How to subtract mixed numbers when the first fraction is smaller

Mixed fractions are another form of representing an improper fraction composed of a whole number and a proper fraction. Subtracting mixed fractions is the subtraction operation performed between any two mixed fractions. We will be studying different methods and rules to understand subtracting mixed fractions in this article.

Subtracting Mixed Fractions with Like Denominators

Two or more fractions having a common denominator are known as like fractions. Hence, mixed fractions with like denominators will have the same denominators such as \(3\dfrac{2}{7}\) and \(2\dfrac{1}{7}\). Look at the following points to be kept in mind while subtracting mixed fractions.

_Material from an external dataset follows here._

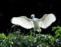雪鹭:全身洁白的羽毛,颈背有丝状蓑羽。有一双亭亭玉立黄色长腿和一个黑色的鸟喙。在繁殖季节,鼻孔和眼…

• A mixed fraction \(a\dfrac{b}{c}\) can also be written as a + (b/c).
• To convert a mixed number to an improper fraction, the whole number is multiplied by the denominator and the result is added to the numerator of the proper fraction by retaining the denominator. For example, to convert \(1\dfrac{6}{11}\) to an improper fraction, we multiply 1 and 11 i.e, 1 × 11 = 11 and the result is added to 6 i.e., 11 + 6 = 17. Thus the improper fraction is 17/11.
• To convert an improper fraction to a mixed number we will divide the numerator of the improper fraction by its denominator. The quotient becomes the whole number part, the remainder becomes the numerator of the proper fraction and the denominator remains as it is. For example, to convert 22/3 to a mixed number, we first divide 22 by 3 and get the quotient as 7 and the remainder as 1. Thus, the mixed number is \(7\dfrac{1}{3}\).

Now let us understand the steps of subtracting mixed fractions with like denominators.

Example: Subtract the mixed fraction \(2\dfrac{1}{3}\) from \(4\dfrac{2}{3}\).

We have to perform \(4\dfrac{2}{3}\) - \(2\dfrac{1}{3}\). Let's look into the steps.

• Step 1: We will subtract the whole numbers of both the fractions. i.e., 4 - 2 = 2.
• Step 2: Now we will subtract the fractional parts. i.e., (2/3) - (1/3) = 1/3.
• Step 3: We will combine the result of the last two steps to get the result. i.e., 2 + (1/3) = \(2\dfrac{1}{3}\).

Hence the value of \(4\dfrac{2}{3}\) - \(2\dfrac{1}{3}\) is \(2\dfrac{1}{3}\).

Subtracting Mixed Fractions with Unlike Denominators

Fractions with unequal denominators are known as unlike fractions. Thus, some examples of mixed fractions with unlike denominators are \(5\dfrac{2}{3}\) and \(1\dfrac{2}{5}\). Let us take an example to understand the steps of subtracting mixed fractions with unlike denominators.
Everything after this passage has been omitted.